WHAT THE EXERCISE ASKS: What is needed is an exact copy of the lines in the listing below, from the one with "Bedsure レースカーテン ストライプ" up to and including the one with "Flav-R-Shield® EP21 Food", with no other lines.

RECORDS FOR PROCESSING:
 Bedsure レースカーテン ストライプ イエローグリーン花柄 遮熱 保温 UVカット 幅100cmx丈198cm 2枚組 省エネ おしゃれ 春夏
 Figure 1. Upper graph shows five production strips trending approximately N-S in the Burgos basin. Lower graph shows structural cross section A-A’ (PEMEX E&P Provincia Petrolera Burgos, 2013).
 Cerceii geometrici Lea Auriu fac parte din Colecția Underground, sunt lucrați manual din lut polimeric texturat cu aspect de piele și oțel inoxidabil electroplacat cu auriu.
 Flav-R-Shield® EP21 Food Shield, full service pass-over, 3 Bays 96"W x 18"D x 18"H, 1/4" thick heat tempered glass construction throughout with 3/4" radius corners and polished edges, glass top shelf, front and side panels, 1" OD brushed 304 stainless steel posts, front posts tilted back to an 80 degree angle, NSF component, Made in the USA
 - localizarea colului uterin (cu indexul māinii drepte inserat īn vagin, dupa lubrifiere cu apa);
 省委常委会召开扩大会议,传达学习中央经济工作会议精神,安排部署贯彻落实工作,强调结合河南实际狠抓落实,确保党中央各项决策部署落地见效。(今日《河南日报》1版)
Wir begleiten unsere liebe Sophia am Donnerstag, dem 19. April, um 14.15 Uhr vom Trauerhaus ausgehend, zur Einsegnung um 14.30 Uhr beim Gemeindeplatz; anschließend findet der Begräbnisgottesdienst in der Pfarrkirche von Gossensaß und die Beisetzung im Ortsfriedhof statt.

--

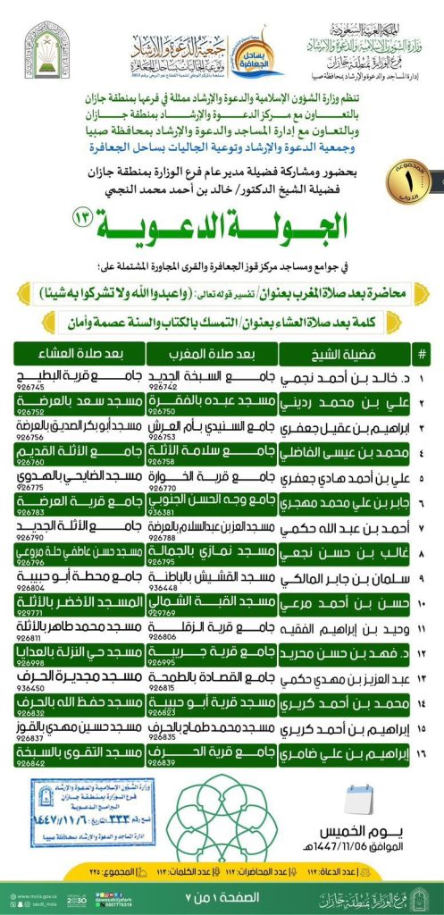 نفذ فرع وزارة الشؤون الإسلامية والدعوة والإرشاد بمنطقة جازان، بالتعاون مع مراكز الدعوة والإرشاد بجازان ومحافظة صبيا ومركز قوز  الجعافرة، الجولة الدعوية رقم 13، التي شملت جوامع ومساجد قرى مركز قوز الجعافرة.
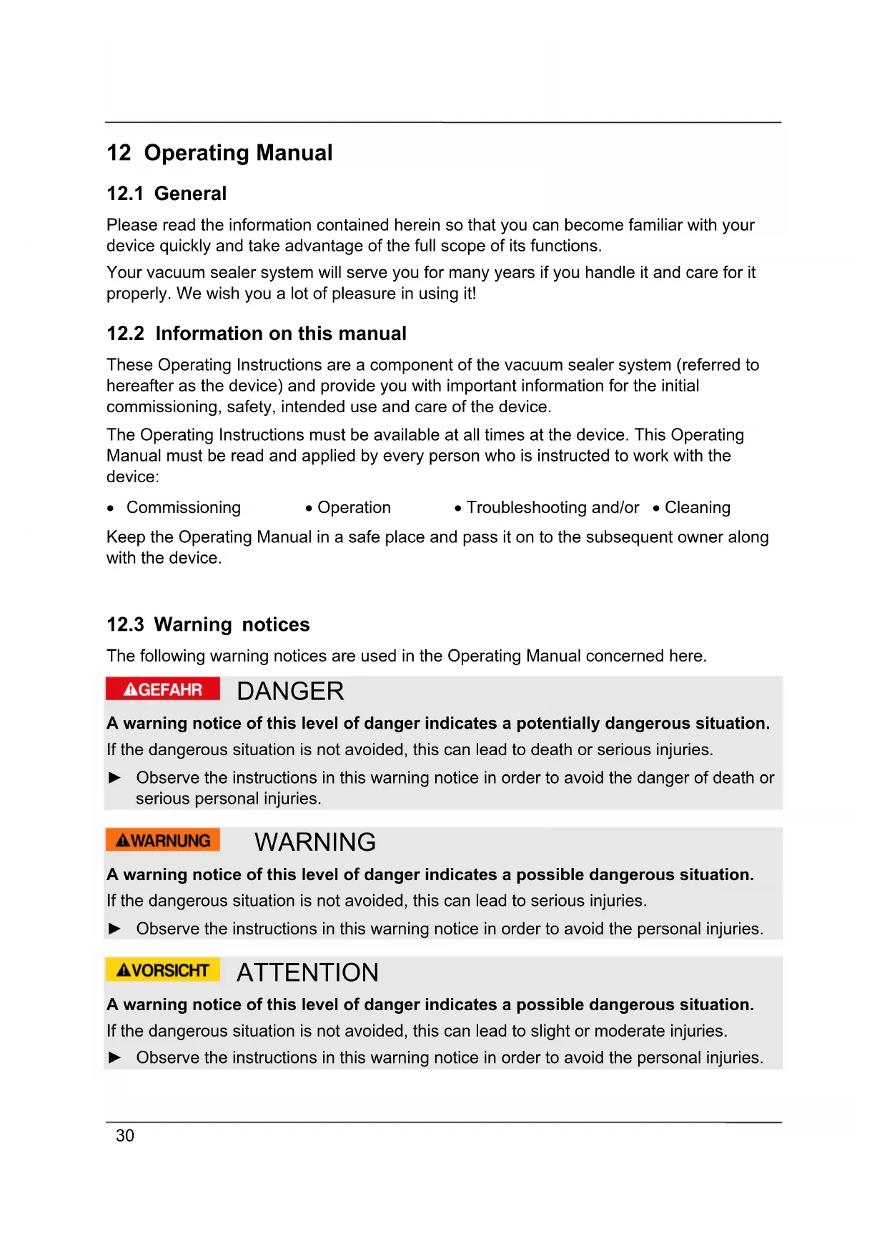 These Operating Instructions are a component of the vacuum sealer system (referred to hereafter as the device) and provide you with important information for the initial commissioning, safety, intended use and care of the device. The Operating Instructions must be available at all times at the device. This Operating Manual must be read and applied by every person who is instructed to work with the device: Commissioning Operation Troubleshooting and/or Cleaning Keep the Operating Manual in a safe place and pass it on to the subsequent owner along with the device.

SOLUTION FOR THIS EXERCISE:
 Bedsure レースカーテン ストライプ イエローグリーン花柄 遮熱 保温 UVカット 幅100cmx丈198cm 2枚組 省エネ おしゃれ 春夏
 Figure 1. Upper graph shows five production strips trending approximately N-S in the Burgos basin. Lower graph shows structural cross section A-A’ (PEMEX E&P Provincia Petrolera Burgos, 2013).
 Cerceii geometrici Lea Auriu fac parte din Colecția Underground, sunt lucrați manual din lut polimeric texturat cu aspect de piele și oțel inoxidabil electroplacat cu auriu.
 Flav-R-Shield® EP21 Food Shield, full service pass-over, 3 Bays 96"W x 18"D x 18"H, 1/4" thick heat tempered glass construction throughout with 3/4" radius corners and polished edges, glass top shelf, front and side panels, 1" OD brushed 304 stainless steel posts, front posts tilted back to an 80 degree angle, NSF component, Made in the USA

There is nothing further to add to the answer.